Она выпячила нижнюю губу и, мотая головой, ответила:

– Да, вроде, все так же, без изменений.

– Теть Маш, – заискивающе начал я, – а что они видят?

– Кто? – растерялась она.

– Ну, пациенты психиатрических клиник. Что они видят такого, чего не видим мы.

– Ты что, собрался их навестить в другом измерении?

Каким-то непостижимым образом все мои карты были мигом раскрыты.

– Но как вы…? Нет, конечно, нет! Мне просто любопытно.

Да уж, куда там, любопытно! Было поздно врать. Профессиональному психиатру не составило труда вмиг узнать все мои замыслы.

– Это вы с Толиком придумали? Это такие у вас сегодня развлекательные планы на вечер?

Она била и била, не в лоб, а в глаз. И я уже не знал, как от этого всего уворачиваться.

– Какие еще планы? – наигранно улыбнулся я.

– Ну-ка, давай рассказывай, – напористо заявила она, пододвигая ближе свой стул.

Я замялся. Откуда начинать рассказ? С того, что я проигнорировал ее просьбу оставить поиски Жени? Или сразу с Харона и его брата наркомана? А может зайти издалека про Галю и там уже вывести на Стаса? Все перемешалось пуще прежнего, а в висках от напряжения застучало частым пульсом. Что бы уметь врать мозгу требуется думать в пять раз интенсивней обычного режима, и моя тетя была, как никто другой, об этом осведомлена. Она своим напором буквально загнала меня в угол, теперь ожидая от меня исключительно правдивого ответа.

– Мне сложно вам врать. Но чтоб сказать, правду, я должен быть уверен в вашем полном понимании, – подумав, сообщил я. – Даже больше в принятии моего решения.

– Ну, говори. Мне каждый божий день приходится массу вещей не только понимать, но и принимать. Уж будь уверен!

– Я собираюсь сегодня выйти в астрал близ вашей психиатрической больницы.

Она замолчала, сложив на коленях руки. Но уже очень скоро, не найдя ни единой вразумительной причины моим действиям, коротко спросила:

– Зачем?

– Я делаю это по двум причинам. Во-первых, там может быть выход к Жене. А во-вторых, меня просил Толя. В больнице был заключен человек, искалечивший жизнь Гали.

– Сатанист Стас?

– Да.

– Так вот оно что? – задумалась тетя Маша. – И что, ты собираешься увидеть, как он умер? Или ад его души?

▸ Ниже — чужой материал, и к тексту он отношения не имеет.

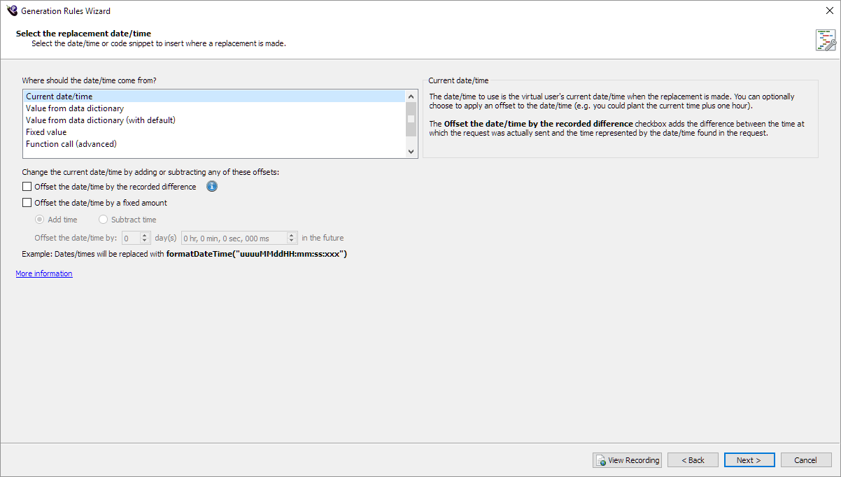 Value from data dictionary: The date/time in the recording is replaced by a value retrieved from an external data file, based on a key entered in the Data key field. With this method, each virtual user in the test can retrieve a different value at runtime.

– Толя просил меня посмотреть и то и другое, – откровенно признался я.

– И как вы собираетесь это проделать? Я на счет выхода из тела. Толя знает гипноз?

– Нет, буквально вчера мы узнали об особой настройке при помощи вибрации струн. Определенная нота вызывает трепет тонких оболочек. Они, отслаиваясь друг от друга, способны к отделению.

– Ты пробовал это раньше? – практически перебила она меня.

– Да, – тихо ответил я, глядя на нее исподлобья.

– Ты выходил глубже, чем позволял гипноз?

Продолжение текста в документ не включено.